External revenue from our Value-add activities with our end customers rose by 21.8%, from € 203.9 million in 2018 to € 248.4 million in the 2019 fiscal year. Group revenue rose by 13.6% from € 1,258.3 million in 2018 to € 1,428.9 million in 2019. Overall, this results in a 14.7% increase in the revenue from the Value-add segment from € 1,462.2 million in 2018 to € 1,677.3 million in 2019. Adjusted EBITDA Value-add rose by 20.7%, from € 121.2 million in 2018 to € 146.3 million in 2019.
We continued to pursue our selective sales strategy in the 2019 fiscal year. In the Recurring Sales segment, we report all business activities relating to the sale of single residential units (Privatize).
In the Recurring Sales segment, the income from disposal of properties came to € 365.1 million in the 2019 fiscal year, up by 2.5% on the value of € 356.1 million in 2018; € 250.9 million of this amount is attributed to sales in Germany (2018: € 268.7 million) and € 114.2 million to sales in Austria (2018: € 87.4 million). We privatized 2,607 apartments in the 2019 fiscal year (2018: 2,818), thereof 2,012 in Germany (2018: 2,393) and 595 in Austria (2018: 425). Adjusted EBITDA Recurring Sales came in at € 91.9 million in the 2019 fiscal year, up by 16.2% on the value of € 79.1 million seen in 2018. The fair value step-up for Recurring Sales came in at 41.3% in 2019, up against the comparative value of 35.5% for 2018. Much higher market prices were achieved in the 2019 fiscal year in relation to the total portfolio. In addition, the BUWOG sales are included with a contribution for the year as a whole.

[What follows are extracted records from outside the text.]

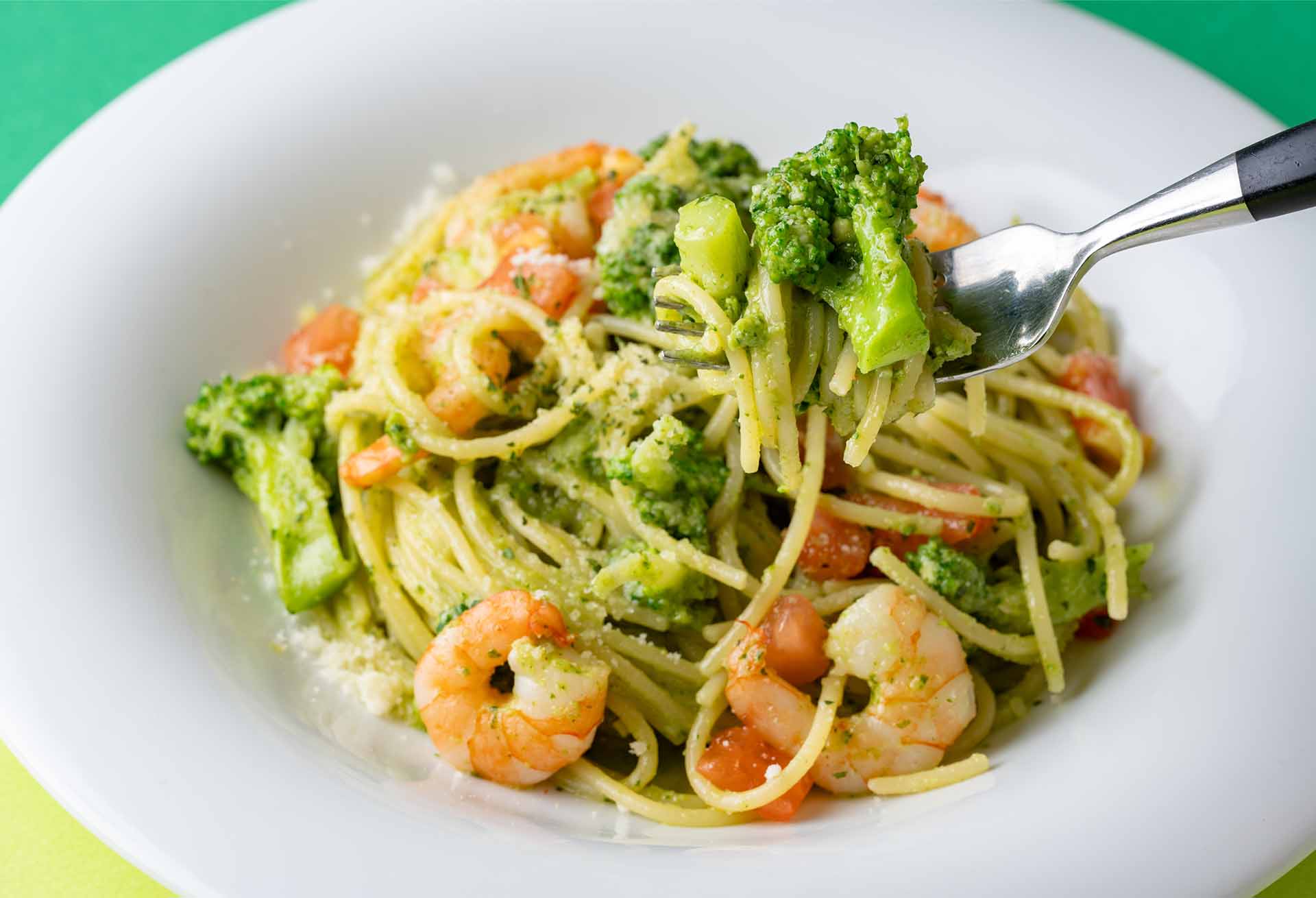 バジルが主役のジェノベーゼソースに、さらにブロッコリーを混ぜ込むという、緑×緑で深緑。ブロッコリー由来のやさしい甘みが加わることで、ジェノベーゼ特有の尖りがやわらぎ、全体としてとてもまろやかな味わいに仕上がっている。栄養面でも、1日分のビタミンCに加え、成人女性の1日必要量の約2/3の食物繊維を含むという、なかなか頼もしい内容だ。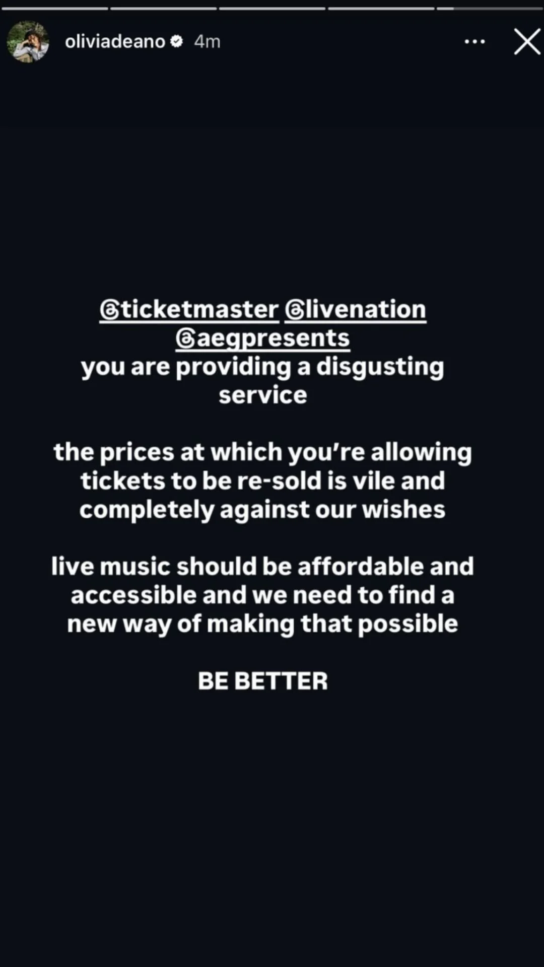 Dean took action swiftly and decisively, posting on Instagram and directly naming Ticketmaster, Live Nation, and AEG for enabling these inflated resale prices. She called their service “disgusting” and “completely against our wishes,” pushing for live music to remain accessible. Her intervention forced Ticketmaster to cap reselling at face value, posting on X “We support artists' ability to set the terms of how their tickets are sold and resold. We're capping resale prices for Olivia Dean's tour on our site at face value and hope other resale sites will follow.” on the same platform they responded to one of the fans saying that the price was ‘a typo’.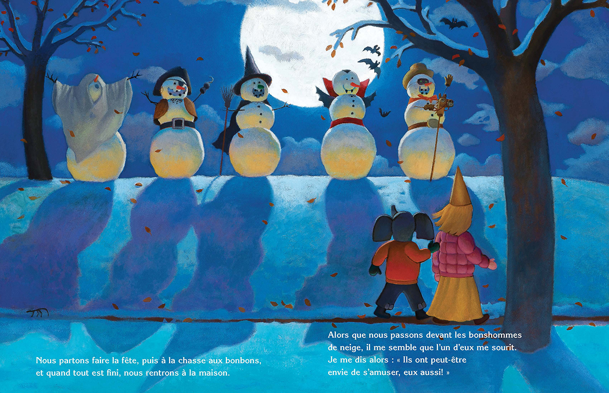Après une première tempête de neige, des enfants font des bonshommes de neige avant de partir à la chasse aux bonbons. Et lorsque les enfants vont dormir, les bonshommes de neige organisent leur propre fête d’Halloween! Il y a des bonbons, des concours de déguisements et toutes sortes d’activités automnales. Lorsque les enfants se réveillent, le lendemain matin, les bonshommes de neige ont disparu… mais en laissant derrière eux un message très spécial.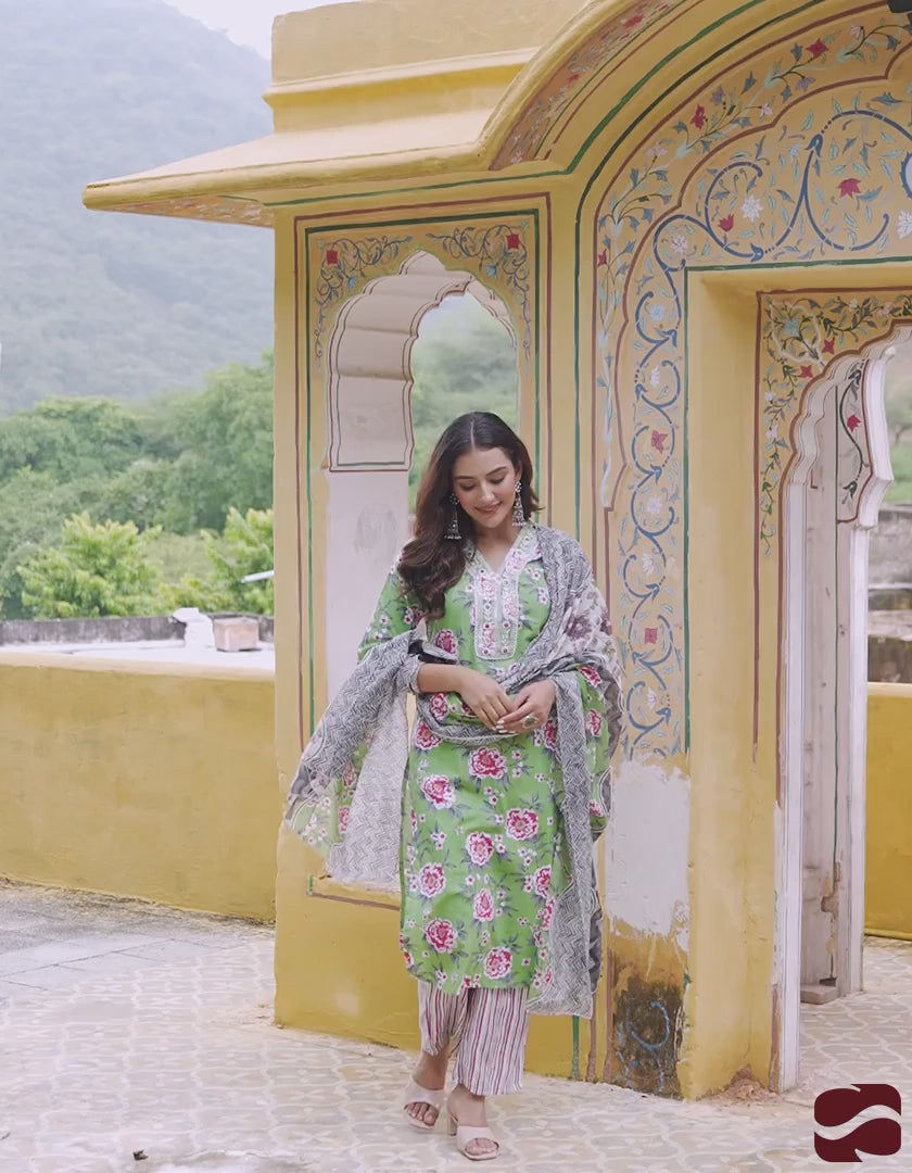 Cotton Straight Printed V-Neck Kurta with Pant & Dupatta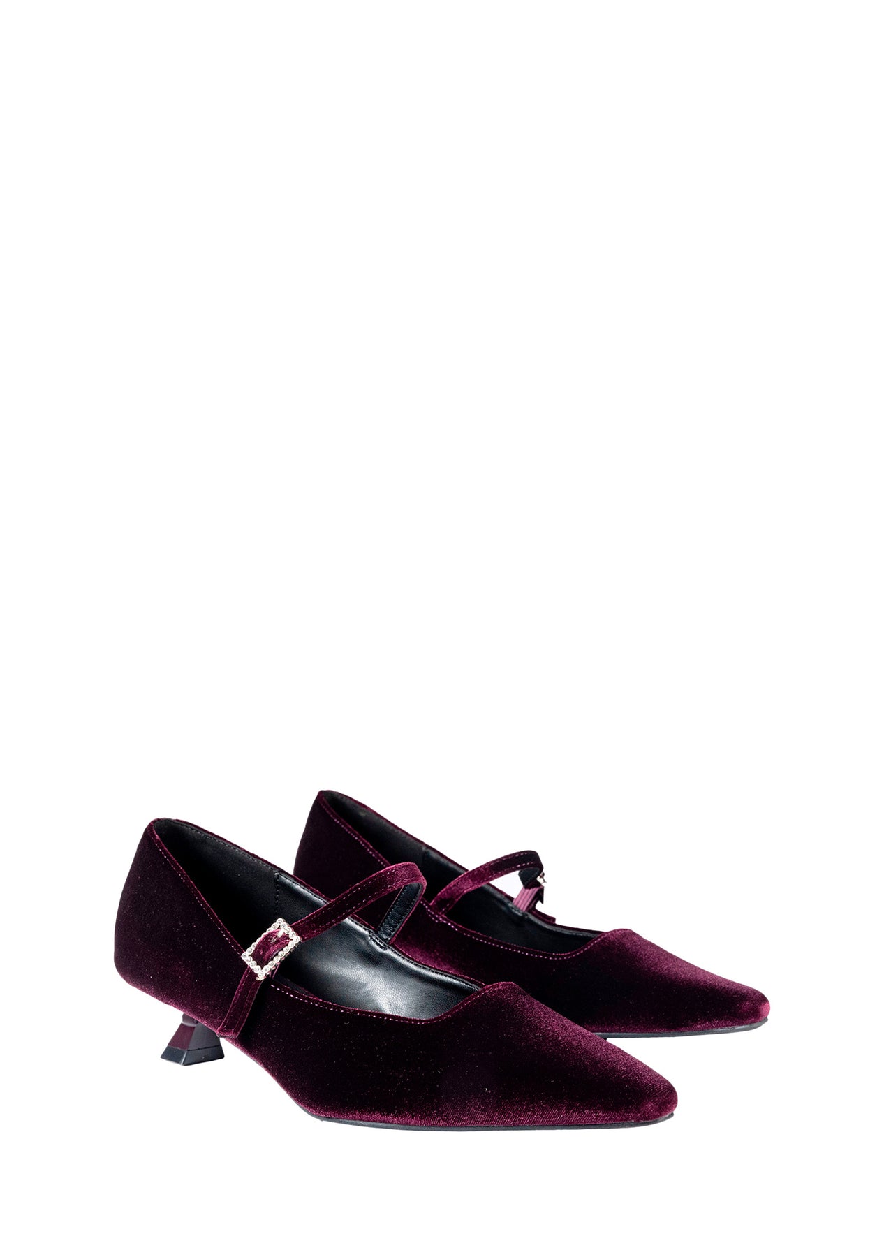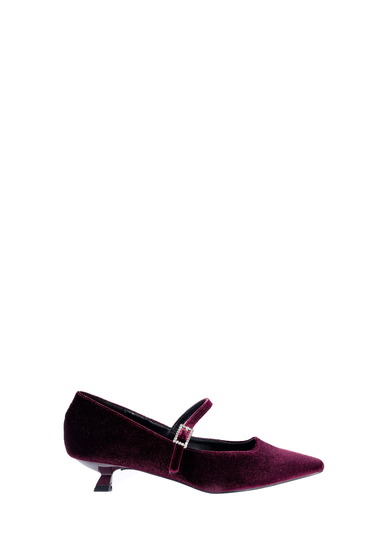 MC2020 Ballerina Donna Mary Jane Jewel con Tacco VELLUTO VINACCIA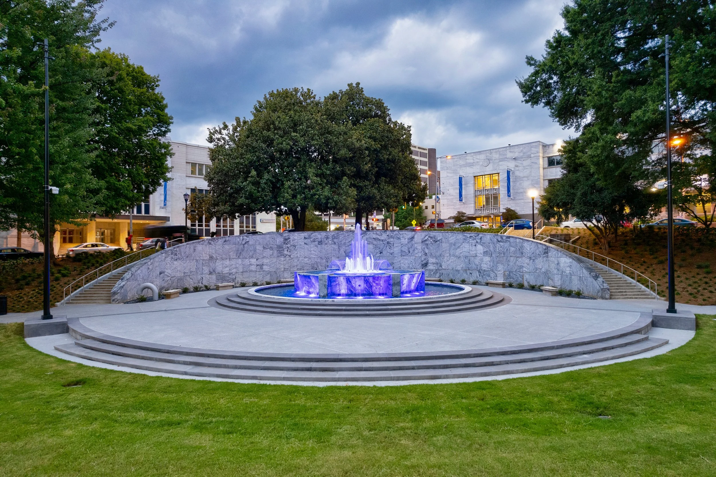 This project was a renovation of the fountain located in Hurt Park for Georgia State University. In addition to renovations, we repointed the radius wall, added precast stairs around the fountain, and reset the curbing around the park.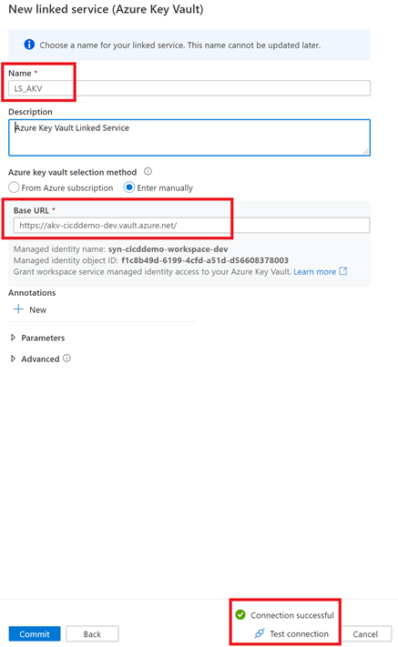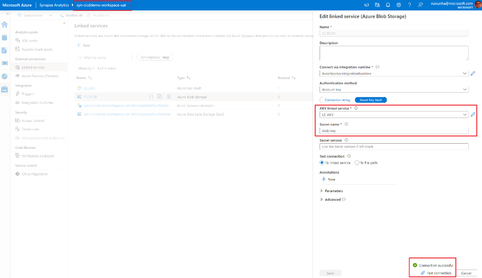 - Now select the "Manage Hub", and confirm the deploy of the newly created Linked Services. Click on the Azure Key Vault Linked Service you will notice that the Base URL is now pointing to the UAT Key Vault address. Test your Linked Service connection to make sure everything is working as expected: you are connecting to the UAT Key Vault.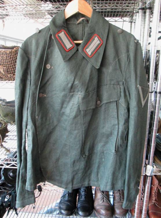 BELLISSIMO GIACCHINO M.43 SEMOVENTI IN DRILLICH COMPLETO DI AQUILA, MOSTRINE REGOLAMENTARI (IN DRILLICH) E GRADO SULLA MANICA, CUCITI IN ORIGINE. MARCHI. DISPONIBILI ULTERIORI FOTO.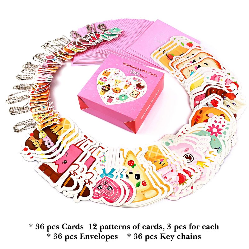 - š36 Cute Valentines Cards & 36 Cute Envelopes - This 36 pack of V-day Cards allows you to pick your favorite design for your favorite person in the classroom, and still have some cards for sending to anyone you like.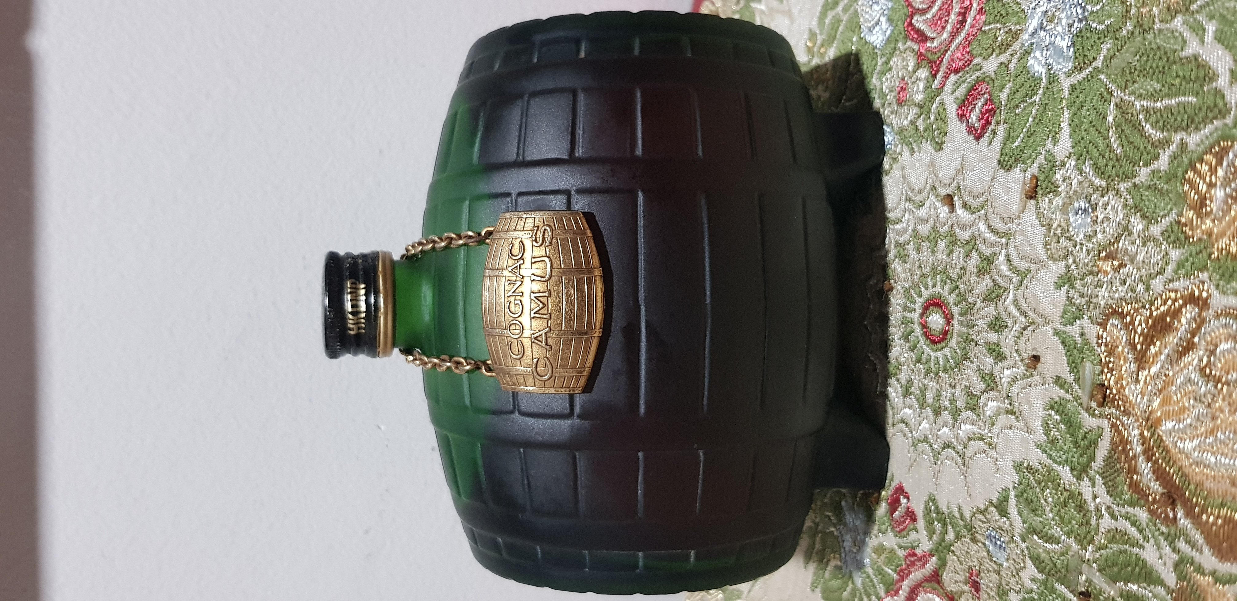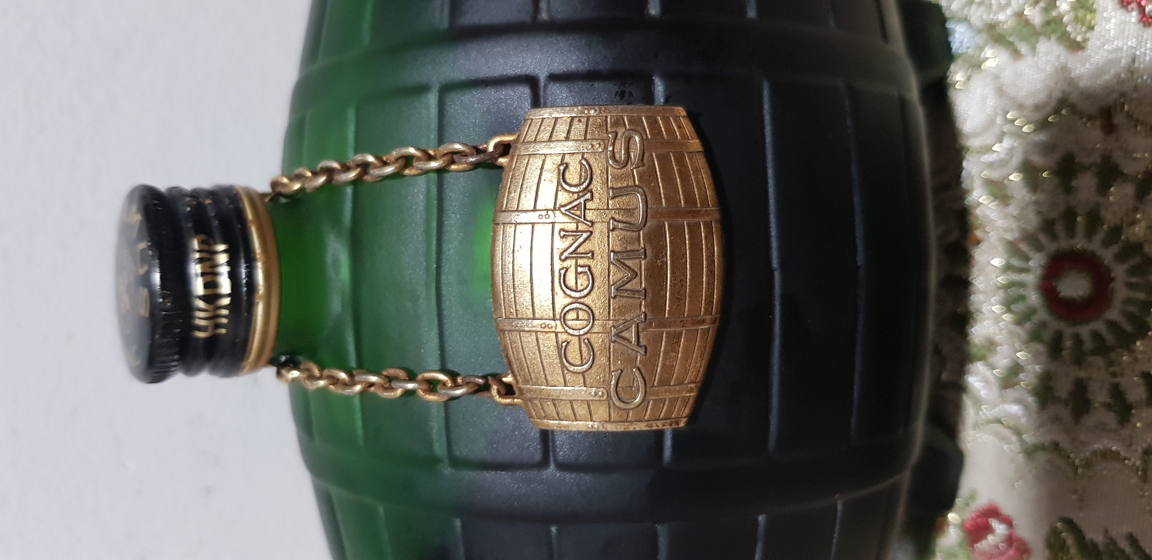 - w/golden chain hanged around cap bearing barrel pendant w "Cognac Camus" print Cap/crown top: Camus Cognac, w/ cross logo & 1863 print Cap side print: HKDNP Right Side: 'Cognac Camus Vieille Reserve' Left Side: Image of multiple barrels, some w/ visible 'Camus' print
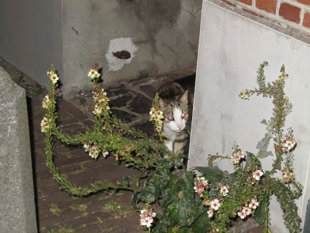 Os zat in het struikgewas in de Kruidentuin, kwam heel even tevoorschijn maar kroop toen weer weg zodat mevrouw K. met alleen Cera en de Boez (en o ja, het hij-mens was er ook) huiswaarts moest keren. Gelukkig wisten wij tenminste waar de Os zat, maar leuk was het niet om hem daar achter te laten. Uiteraard hebben wij het luikje gedurende de nacht niet afgesloten en is Oscar ergens in de vroege ochtenduren huiswaarts gekeerd. Vervolgens heeft hij het grootste deel van de dag onder het Poezenloket in een plantenpot liggen sluimeren. We staan voor een raadsel en roepen hem alsmaar toe dat wij heel veel van hem houden; meer kunnen wij immers niet doen en bovendien menen wij het natuurlijk ook nog uit de grond van ons hart...
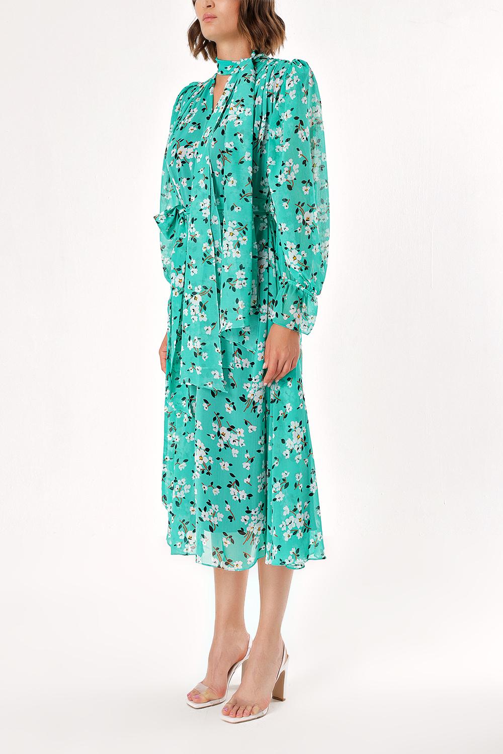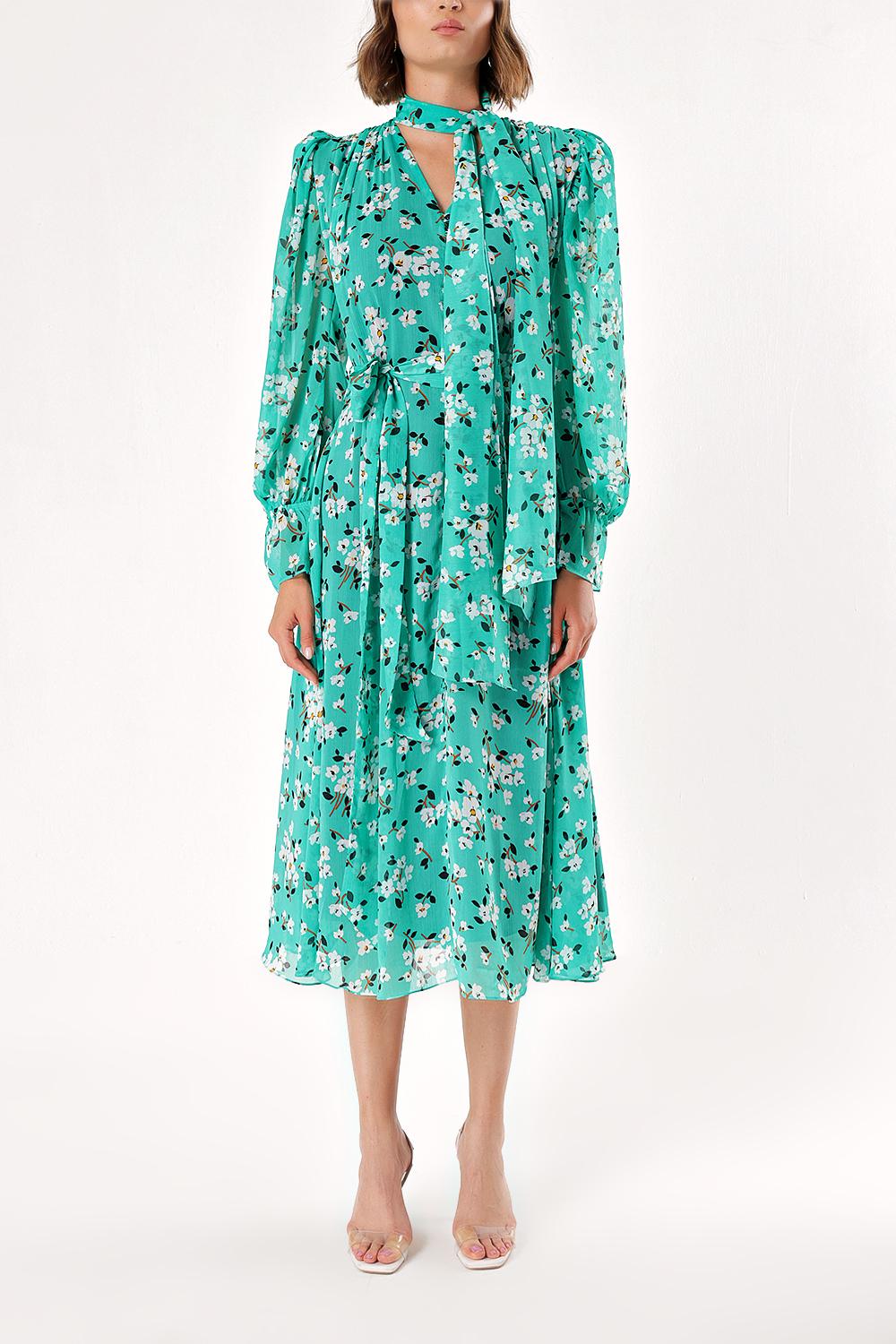 Patterned Lace-up neck wide cut shoulder padded dress 93734

Outside of the Recurring Sales segment, we made 2,177 Non-core Disposals of residential units as part of our portfolio adjustment measures in the 2019 fiscal year (2018: 12,284) with total proceeds of € 145.6 million (2018: € 741.4 million). At 15.8%, the fair value step-up for Non-core Disposals was lower than for the same period in the previous year (23.0%). The drop is due primarily to a larger-scale block sale in 2019 in Saxony and Saxony-Anhalt.
In the 2019 fiscal year, the Development segment, with its Development to sell and Development to hold areas, made positive contributions to earnings in Germany, Austria and, for the very first time, Sweden, allowing it to contribute to Vonovia’s successful growth.
In the Development to sell area, a total of 791 units were completed in the 2019 fiscal year (2018: 470 units), thereof 350 units in Germany (2018: 128) and 441 units in Austria (2018: 342). In 2019, income from the disposal amounted to € 249.5 million (2018: € 225.1 million), with € 131.8 million attributable to project development in Germany (2018: € 107.8 million) and € 117.6 million to project development in Austria (2018: € 117.2 million). The resulting gross profit for Development to sell came to € 52.2 million (2018: € 43.3 million).
In the Development to hold area, a total of 1,301 units were completed (2018: 638 units incl. attic conversions), thereof 870 in Germany (2018: 457 units) and 401 units in Austria (2018: 181 units) and 30 units in Sweden (2018: 0 units). This includes 307 apartments (2018: 160) that were developed as part of modernization measures (the addition of extra stories to existing buildings). The fair value effect of these apartments is included in net income from fair value adjustments of investment properties, as these measures relate to old stock. In the Development to hold area, a fair value of € 266.3 million was achieved in 2019 (2018: € 98.0 million), with € 164.3 million attributable to project development in Germany (2018: € 66.0 million) and € 96.3 million to project development in Austria (2018: € 32.0 million) and € 5.7 million to project development in Sweden (2018: € 0.0 million). The gross profit for Development to hold came to € 58.9 million (2018: € 18.7 million).
The Adjusted EBITDA for the Development segment amounted to € 84.5 million in the 2019 fiscal year (2018: € 39.4 million).
In the 2019 fiscal year, the primary key figure for the sustained earnings power, Group FFO, increased by 7.7% from € 1,132.0 million in 2018 to € 1,218.6 million in 2019, largely due to acquisitions and organic growth. This trend was fueled primarily by the positive development in Adjusted EBITDA Total, which rose by 13.2% from € 1,554.8 million to € 1,760.1 million during the reporting period.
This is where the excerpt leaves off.